日立グループ内におけるデジタルサイネージとしては,株式会社日立ケーイーシステムズのMediaSpaceが挙げられる。交通,流通,金融などのさまざまな分野で国内約3万面の導入があり,多機能で信頼性の高いプラットフォームをクラウドサービスとして提供している(図1参照)。
図1|MediaSpaceサービス概要サイネージプラットフォームであるとともにコンテンツ提供,運用サポート,システム監視,配信代行のサービスを提供する。
デジタルサイネージは導入後,コンテンツを継続的に更新する業務が不可欠となる。特に広告を取り扱うようなデジタルサイネージの運用は,例えば以下のような複雑・煩雑な業務を厳密に行う必要がある。
またこれらの業務に加え,ディスプレイの仕様に応じた複数のコンテンツ準備などの負担も増加している。さらにデジタルサイネージの急速な市場拡大のため,管理面数の増加や,多様なデジタルサイネージの出現により,施設オーナーや運用者の負担が増大している。
総合情報サービスは,これまでデジタルサイネージの運用時に負担となっていた業務の複雑さ・煩雑さを低減し,より効率的な運用を提供するサービスである。
具体的には以下の4つのサービスを提供している(図2参照)。
図2|総合情報サービスの概要防犯カメラ画像,店舗のPOS,SNSの書き込み,天気予報や施設内の各種センサー情報などをリアルタイムに収集・分析することで,サイネージやスマートフォンの位置・時間に対応したコンテンツを配信する。日立のAI(Artificial Intelligence)技術を駆使することで,タイムリーで最適なコンテンツを適切な場へ提供する。
デジタルサイネージにおける実務上のさまざまなオペレーションを共通のワークフローとして処理する機能を有したCMSを「インテリジェントCMS」として提供している。
共通配信プラットフォーム(以下,共通PFと記す。)は,総合情報サービスとさまざまな仕様のデジタルサイネージ配信システムとをつなぐインタフェースとして機能するクラウド基盤である。
共通PFを通してさまざまなロケーションの複数のデジタルサイネージ媒体にコンテンツを一斉に配信できる。施設オーナーにとっては,複数のデジタルサイネージ媒体に対する配信業務の一元化やリアルタイムで効率的な配信が可能となり,これまでのデジタルサイネージにはない運用を実現する(図3参照)。
図3|共通配信プラットフォームの概要配信システム各社との連携により,今までにないマルチベンダー配信サービスを実現する。
デジタルサイネージはIoT(Internet of Things)機器との連携により表示効果を具体的に確認したり,サービス提供内容を拡張したりするなどの効果を上げることが可能である。特に近年はカメラやセンサーの時間的・空間的分解能やソフトウェアによる分析能力が飛躍的に向上した結果,デジタルサイネージの設置場所における利用実態や効果を抽出しデータを有効化することが可能となっている。
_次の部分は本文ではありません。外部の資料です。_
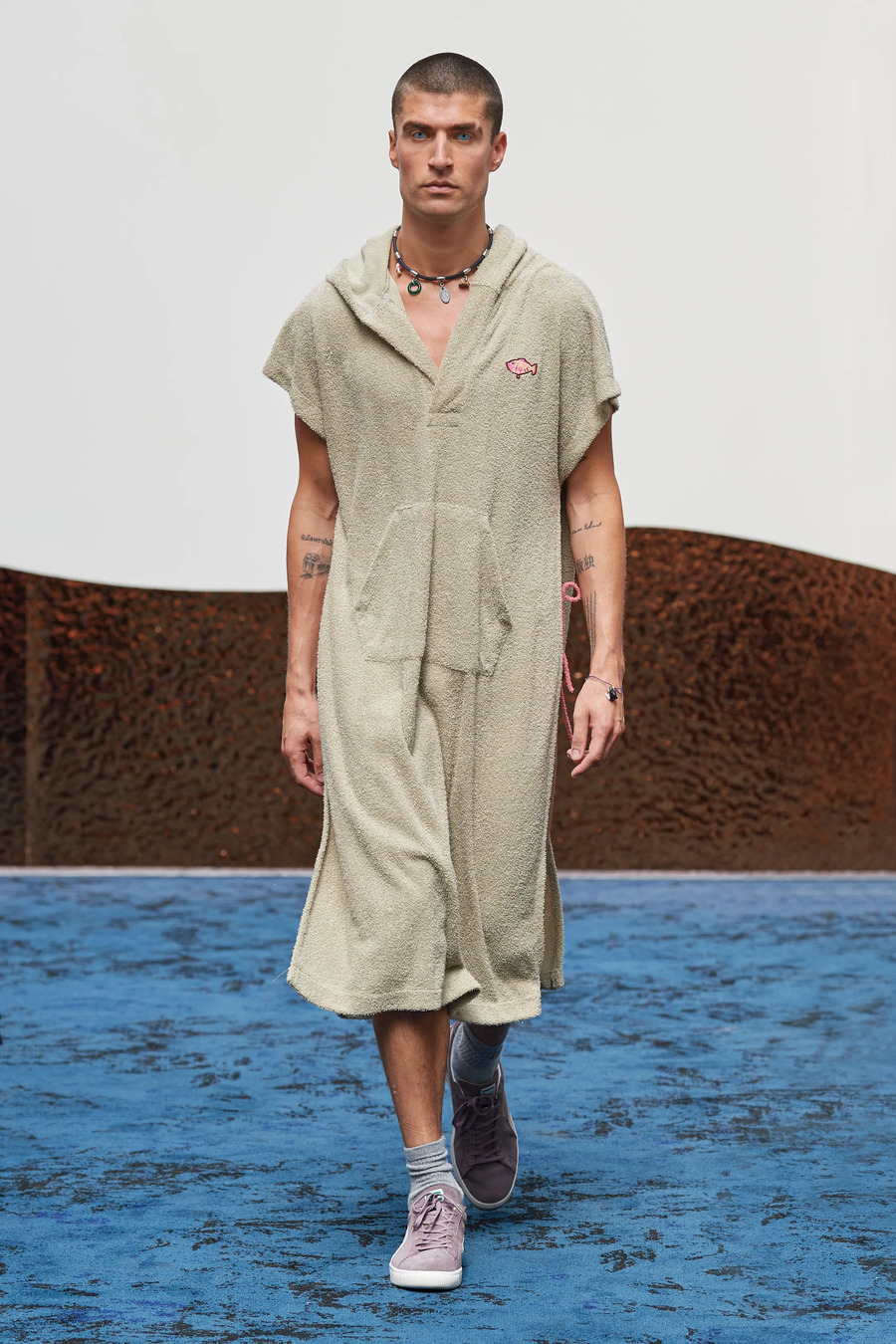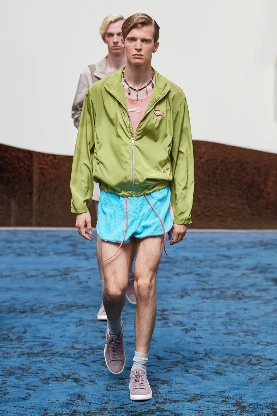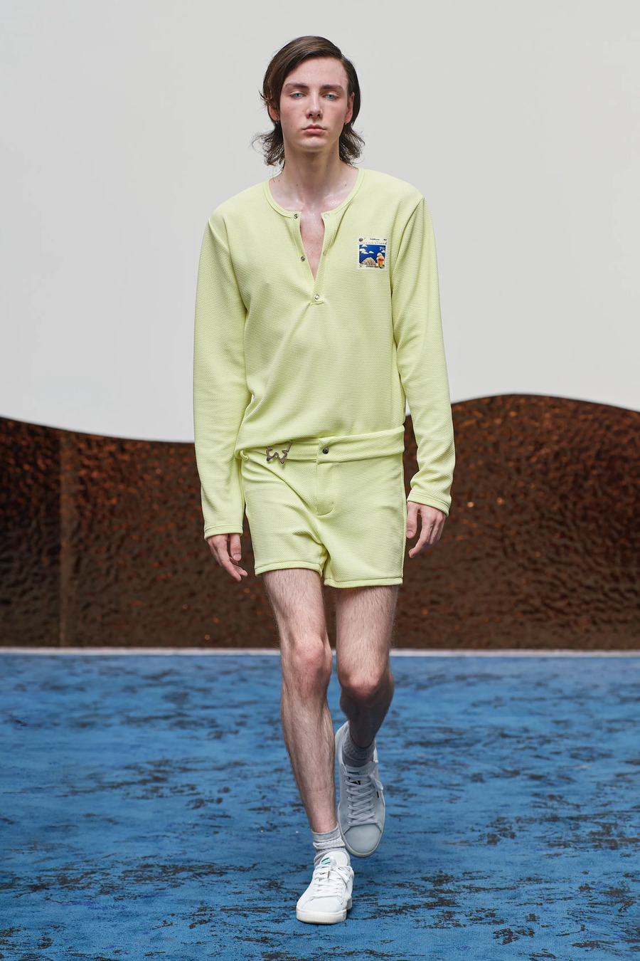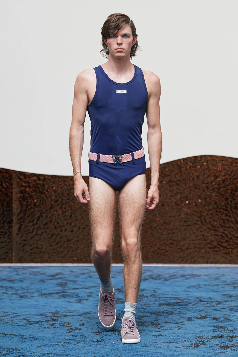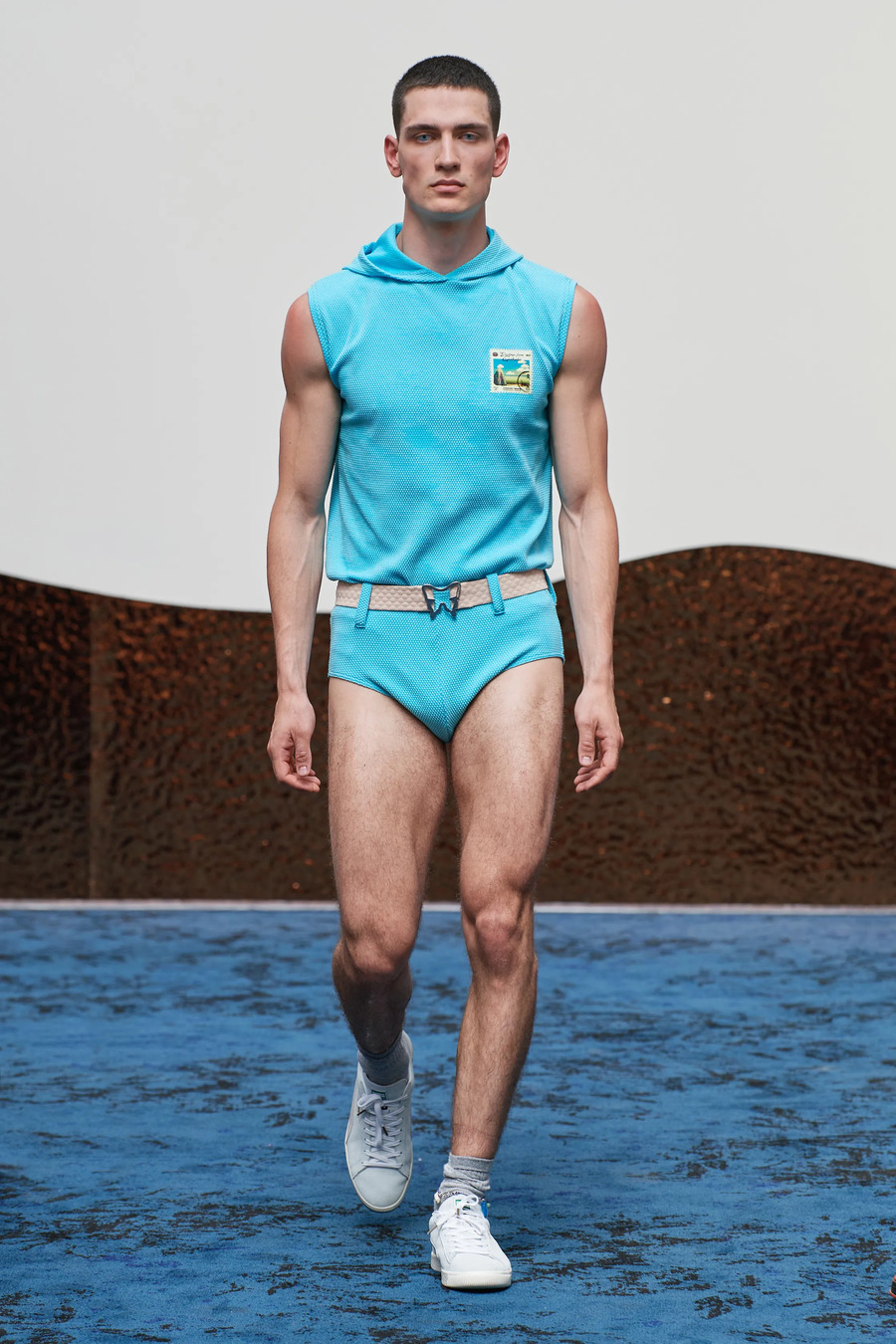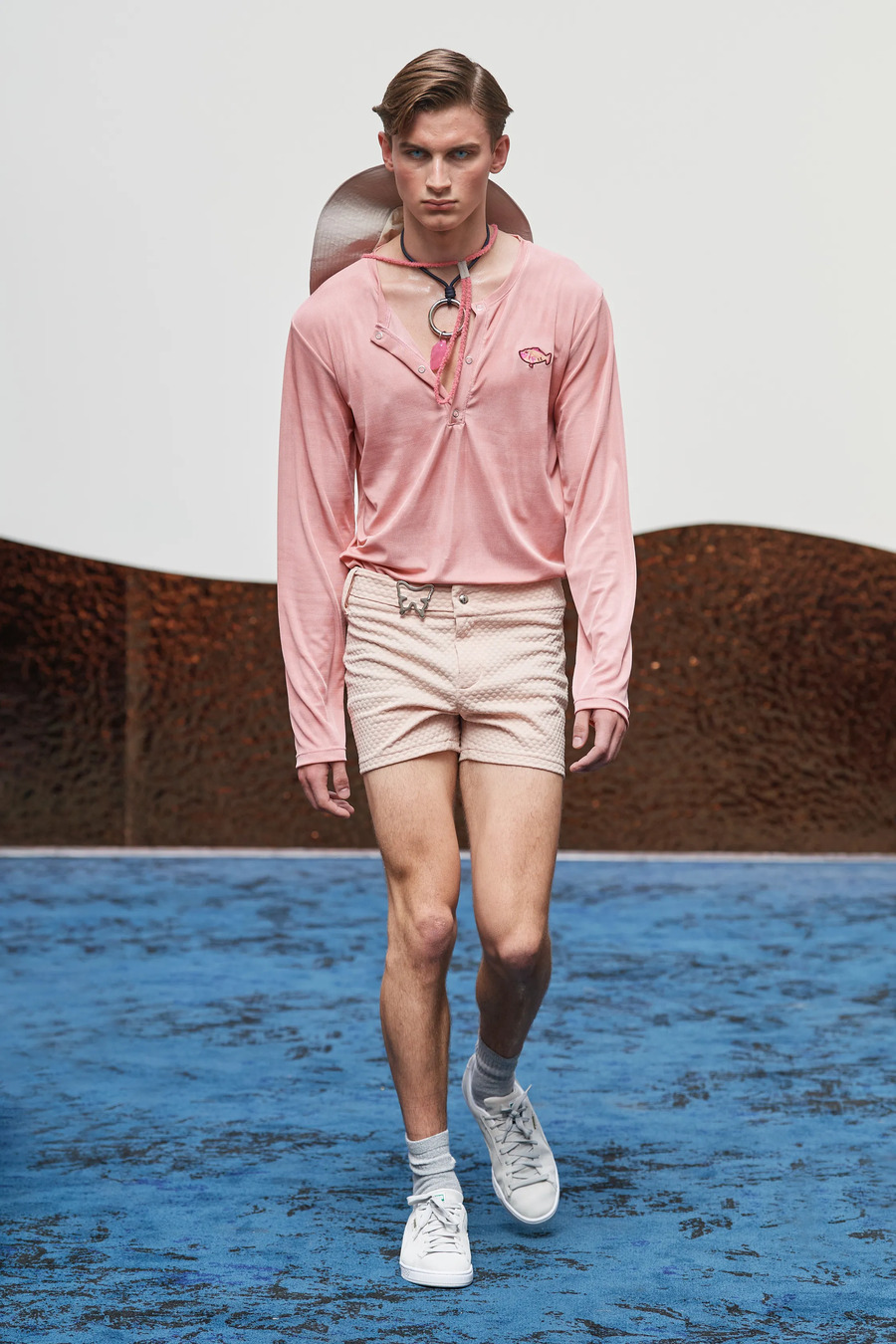 The dreamy “gaycation” sets the tone for the collection, featuring upcycled fight jackets and hybrid denim hotpants with an open fly and sewn-in swimwear. Adding a touch of magic and enchantment, AI-generated artworks draw from the symbolism of a cliche-ridden love novel.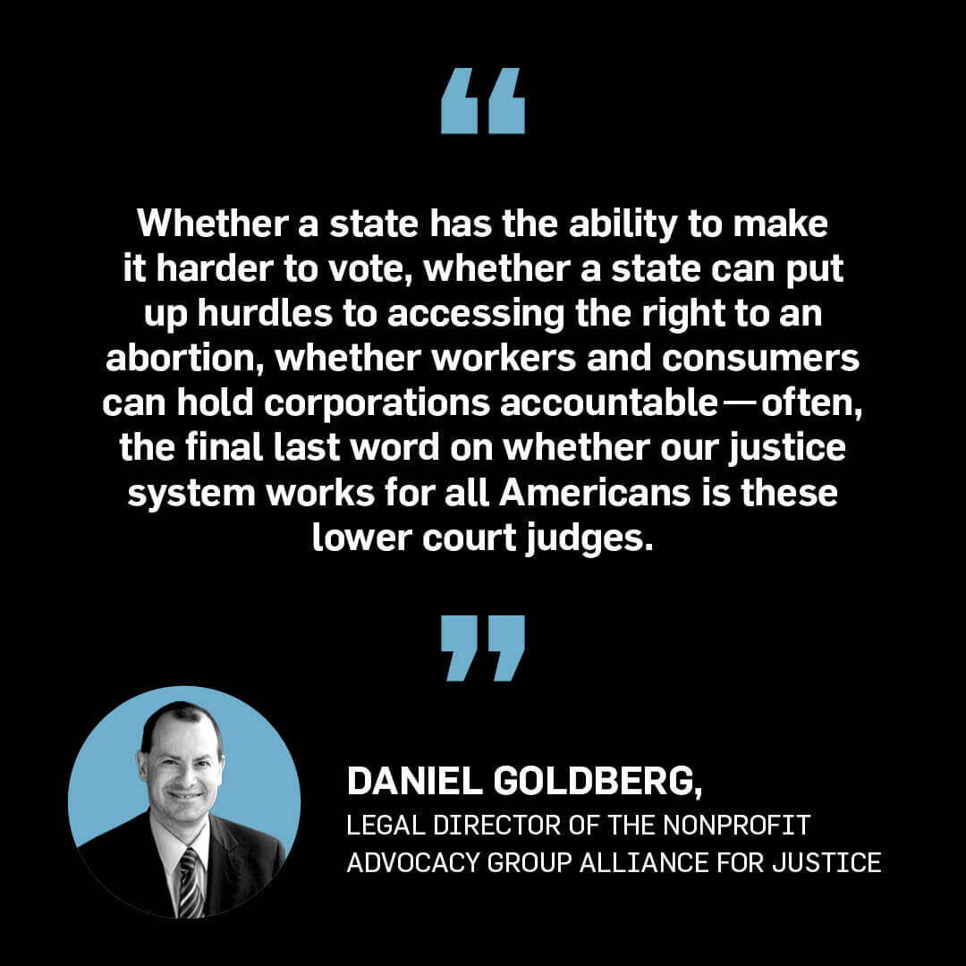 “If somebody believes they are a victim of discrimination in their workplace, the final say on whether our civil rights laws are properly enforced is a lower court judge,” Daniel Goldberg, legal director of the nonprofit advocacy group Alliance for Justice, told COURIER. “Whether a state has the ability to make it harder to vote, whether a state can put up hurdles to accessing the right to an abortion, whether workers and consumers can hold corporations accountable—often, the final last word on whether our justice system works for all Americans is these lower court judges.”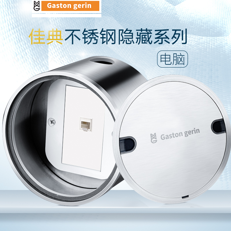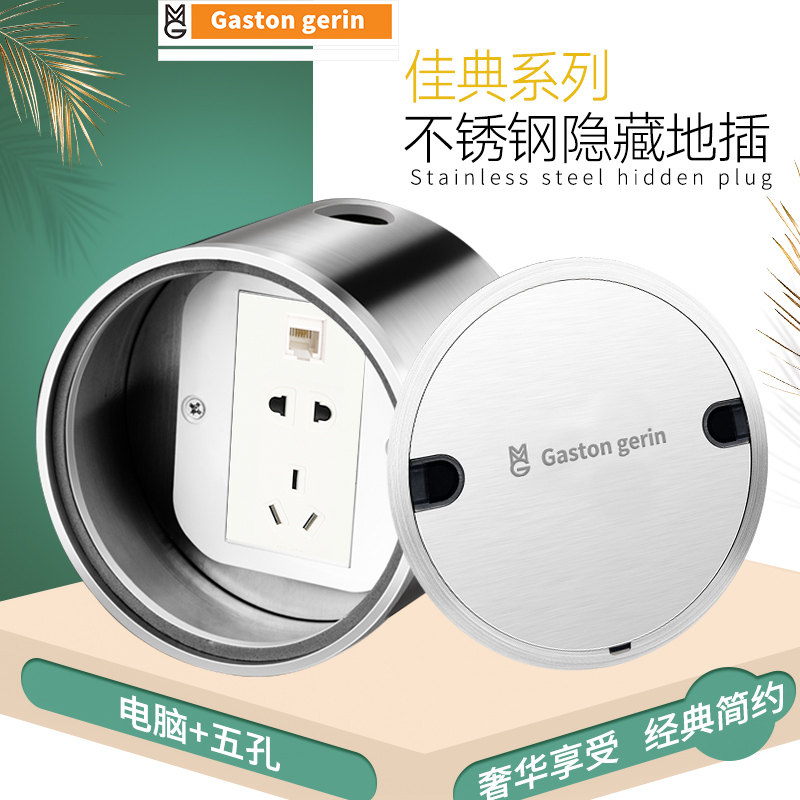 Ultra-thin hidden floor plug Stainless steel waterproof floor socket Round full copper double five hole floor socket Silver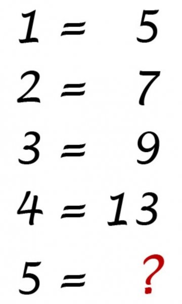 사진은 ‘1=5’를 시작으로 2=7, 3=9, 4=13, 5=? 로 구성 돼 있다. 결국 5는 무엇이냐는 게 이 문제의 핵심.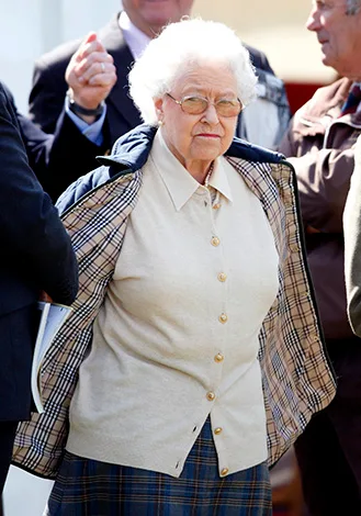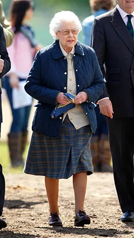 Wearing a cardigan, tweed skirt and navy windbreaker, her appearance was a far cry from anything resembling the Crown Jewels, and she looked more like a local than the reigning Monarch.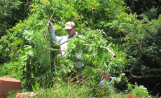 准教授の話によると草木が生い茂ったままだとイノシシが出没し里山を荒らされるとのことです。また、イノシシは綺麗に環境整備しているところには踏み入らない性質があるようで、そのために今回、環境整備を行いました。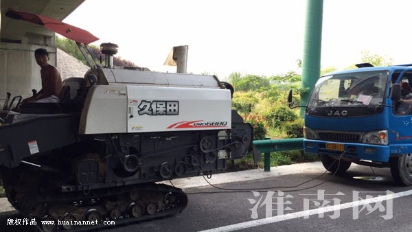 据悉,当天上午8时许,市交警支队高速大队民警巡逻至滁新高速144公里(淮南收费站北500米路段)发现,远处一辆蓝色货车在应急车道上缓慢行驶。随着距离越来越近,民警看到了惊奇的一幕,只见,这辆蓝色货车竟然被一辆联合收割机拉着走。民警立即将其拦下,询问后,得知该车是从寿县完成收割作业后准备返回江苏邳州,在行驶至淮南收费站北500米路段时,载着收割机的蓝色货车突然发生故障,无法启动。驾驶人毛某考虑到请求施救会产生费用,遂自作聪明将所载收割机卸下后使用绳索拖行故障货车。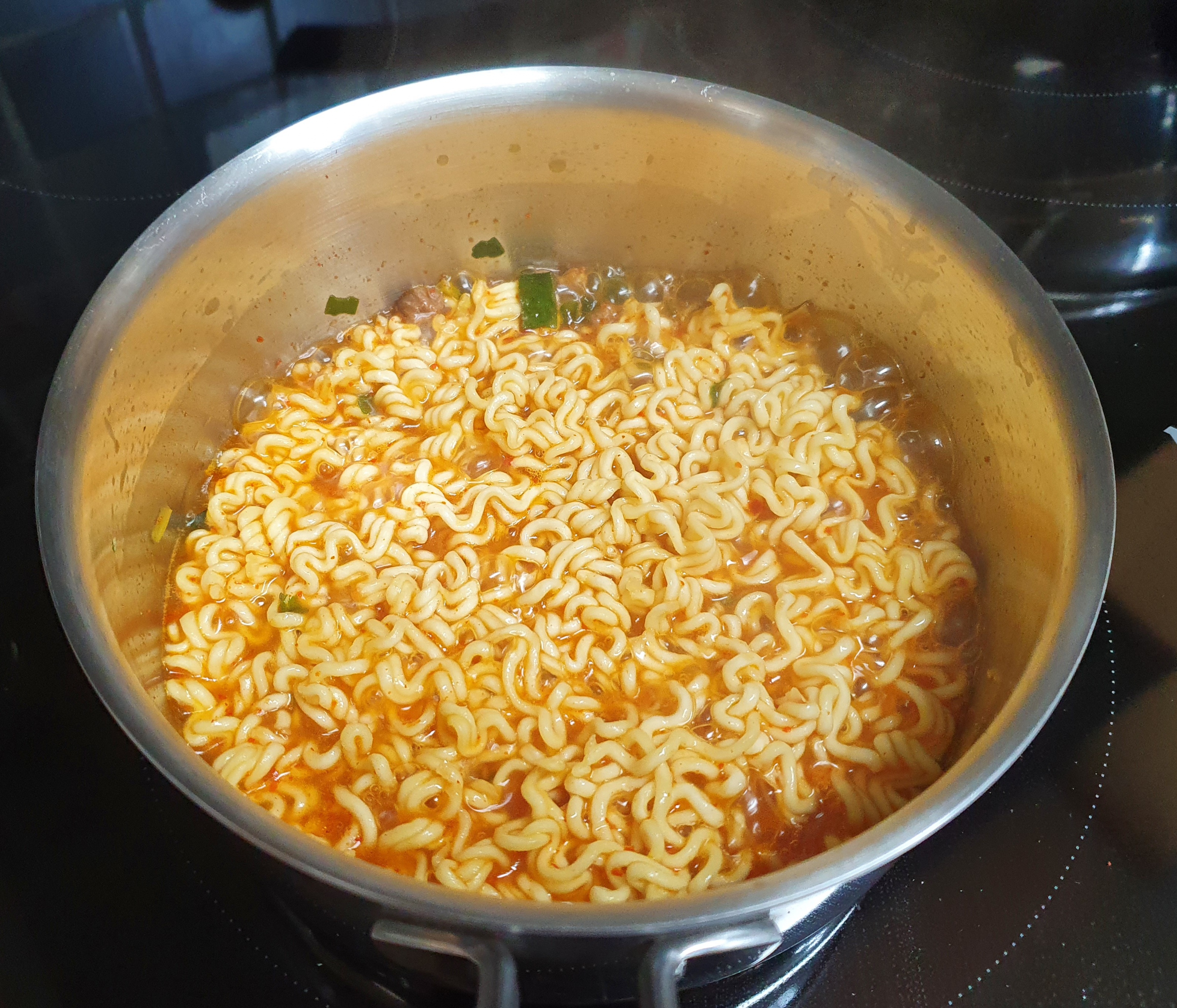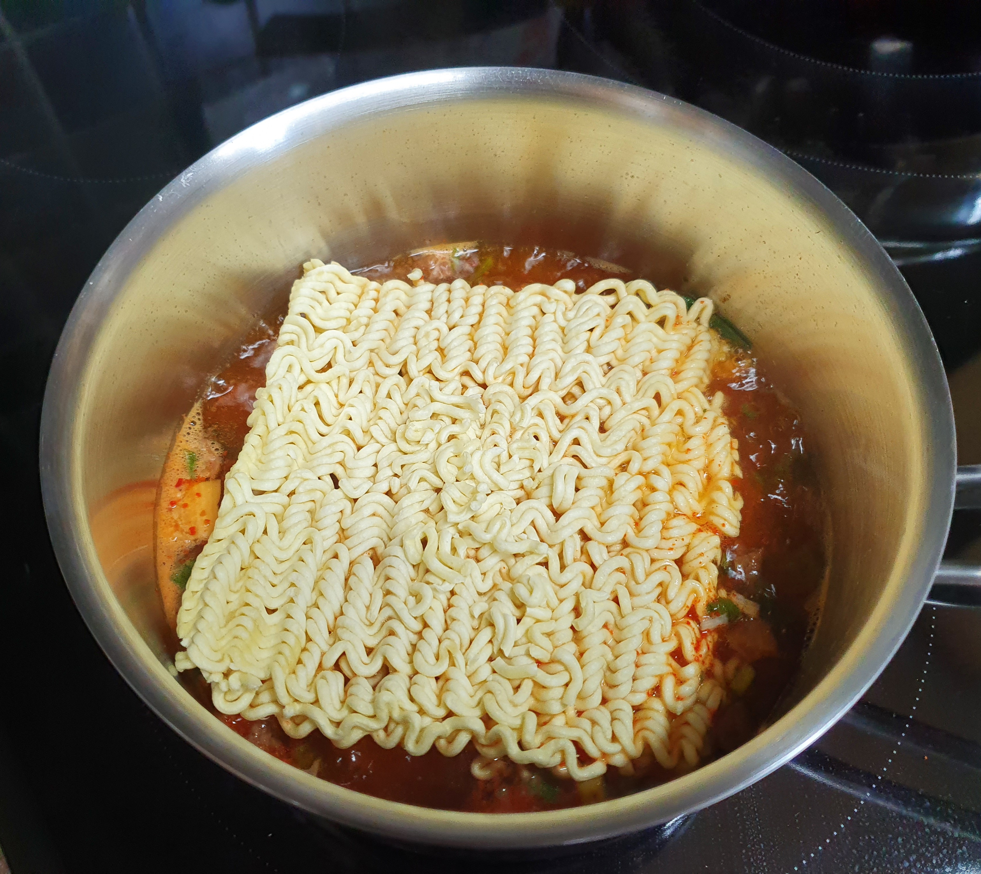 면을 넣고 봉지에 표시된 시간보다 1분 30초정도 짧게 끓인다. 물을 반만 부어서 처음에는 이렇게 면의 반쪽만 잠기는데, 젓가락으로 눌러가면서 익히다보면 면에 국물이 배어들어서 다 잠기게 된다. 중간에 한번 뒤집어주거나 면이 서로 떨어지게 잘 풀어준다. 불은 너무 강하지 않고 보글보글 끓을 정도로, 뚜껑을 닫지 않고 끓인다.

本サービスではIoT,AI技術を活用し,デジタルサイネージの設置場所や時間に関する情報,表示コンテンツ,接触者のPOSやSNSなどによる行動結果の蓄積・分析などを行い,サービスの運用者に対して,コンテンツの最適な配信先,配信条件の提案や,自動配信などの機能を提供する(図4参照)。
図4|総合情報サービスが狙うサービスサイクルAI,センサーとサイネージを有機的に組み合わせることで,より付加価値の高い,成長する配信サービスを実現する。
流通業界においては,買回り品におけるEC(Electronic Commerce)の台頭による流通業界の変容の結果,あらゆる「ウリモノ」がサービス化していくデジタルトランスフォーメーションがメガトレンドとして押し寄せている。
一方,オムニチャンネル化やパーソナライズされたサービス提供により店舗回帰の傾向がある。また,人材不足や高齢化などの社会課題にも対応するため,宅配サービスや店舗のICT(Information and Communication Technology)による高度化が必須となっている。
これらの状況に対応する総合情報サービスは,OT(Operational Technology)×ITにより得られる膨大なデータを基に,IoTプラットフォームLumadaによって顧客に新たな付加価値を提示するものである。Lumadaを利用したデジタルサイネージ向け総合情報サービスにより,新しい「売り方」を実現しようとしている事業者と共に高付加価値サービスを協創し,店ナカ,街ナカ,家ナカの情報をつなぐことで人の生活行動接点をもつなぐ統合マーケティングプラットフォームへの成長をめざしていく。